Miranda Lambert has finally shared a glimpse of what she went through when she and Blake Shelton divorced back in 2015. Since the breakup, the country singer had been avoiding questions about how she felt regarding the whole situation, Business Insider reported.
Now, it seems that the 34-year-old is healed. Or at least, she has recovered well enough to be ready to shed light on the divorce.
In an inteview with Hits Daily Double, Lambert recalled telling her manager, Marion Kraft, that she was not going to talk about Shelton and his girlfriend, Gwen Stefani. However, when she did agree to be interviewed back then, the first question that was asked was about Shelton’s new partner.
"When the music was out, people had listened, I got on the phone for the first interview.

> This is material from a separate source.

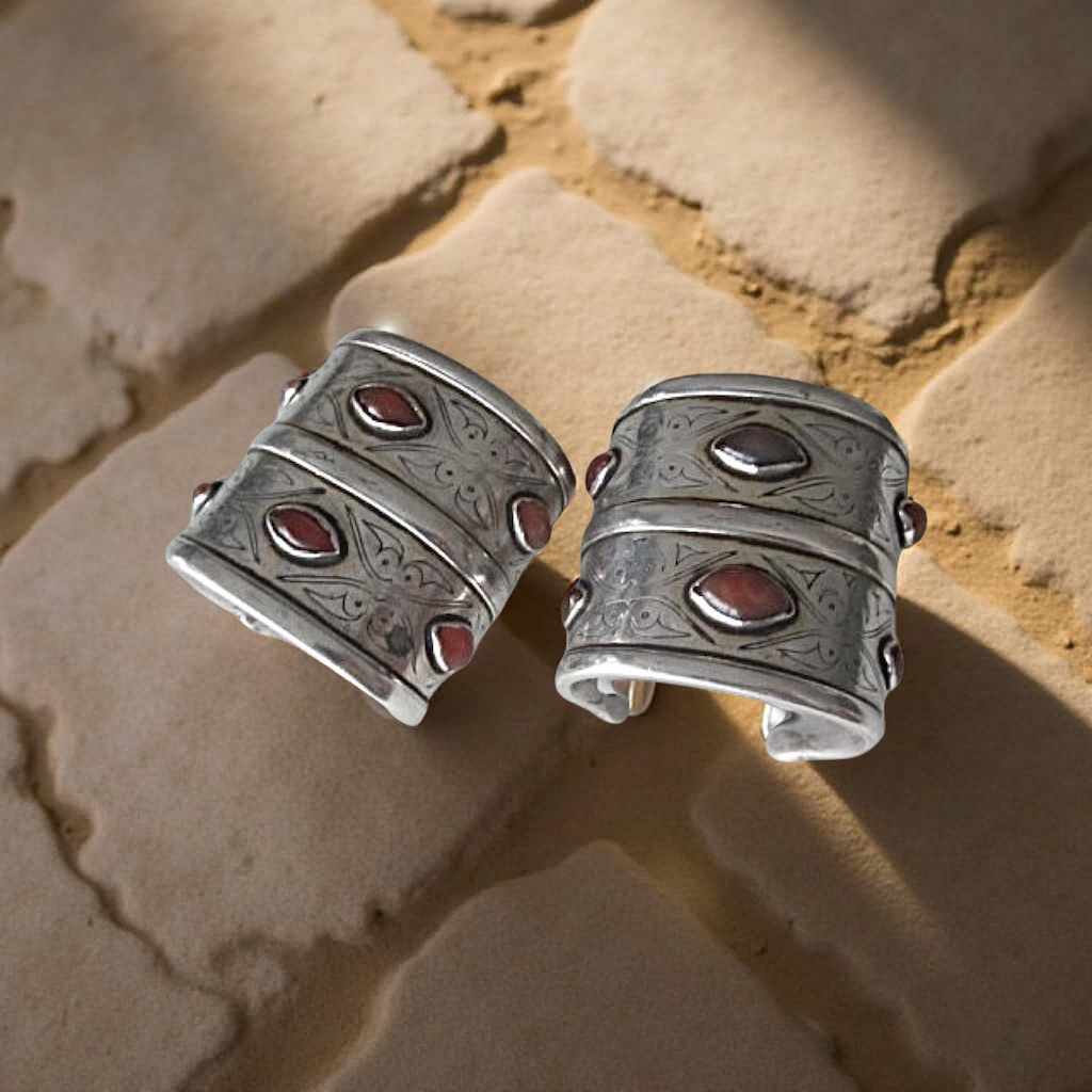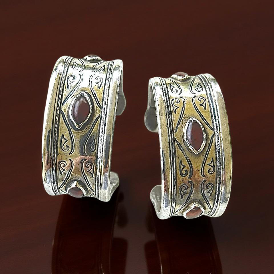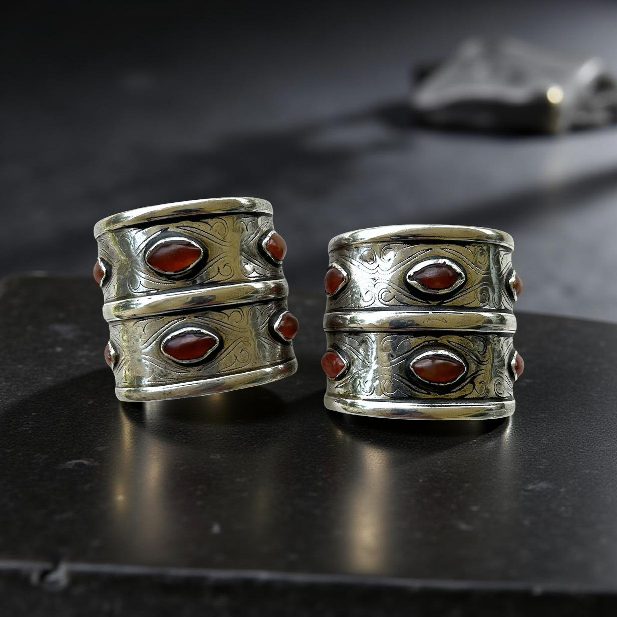 A matching pair of Turkoman bracelets adds value to your collection because they always come in pairs. Three eye shape carnelian stones are set on each tier. These are older than the oblong shape carnelian stones.

First question was, 'How do you feel about Gwen?'" Miranda Lambert recounted. "I hung up. I told Marion, I just can't do this. What was in the music was real, and I wanted people to get it from that. Take from it what they would. Then if I needed to talk, I would. But I haven't really. Until now."
“Tin Man,” one of the songs on her 2016 album "The Weight of These Wings," is apparently about Shelton. The single is quite a treat jerker as the lyrics describe what it feels like to go through a breakup. The emotion felt in this piece cuts through to the heart of the listener, which was why the single was crowned song of the year at the ACM awards 2017.
During the ceremony in April of that year, Miranda Lambert performed an acoustic version of the song, which left some audience members in tears. The crowd was deathly quiet during the performance but roared after it, giving the country singer a standing ovation for such a moving display.
Lambert said that her 2016 album helped her get through the divorce at the time, putting her pain into words and melody. She told Taste Country in 2017 that the album was her diary for the couple of years following her divorce from Shelton.
“It was going to be hell, and I’d already been through hell. It was hell putting it on paper, putting my words on paper. So I didn’t want to rehash,” Miranda Lambert said. “I’d finally gotten to a place where I wasn’t sad anymore. All the sad moments were there; all the truths were right in those songs. All you had to do was listen. I didn’t need to say anything.”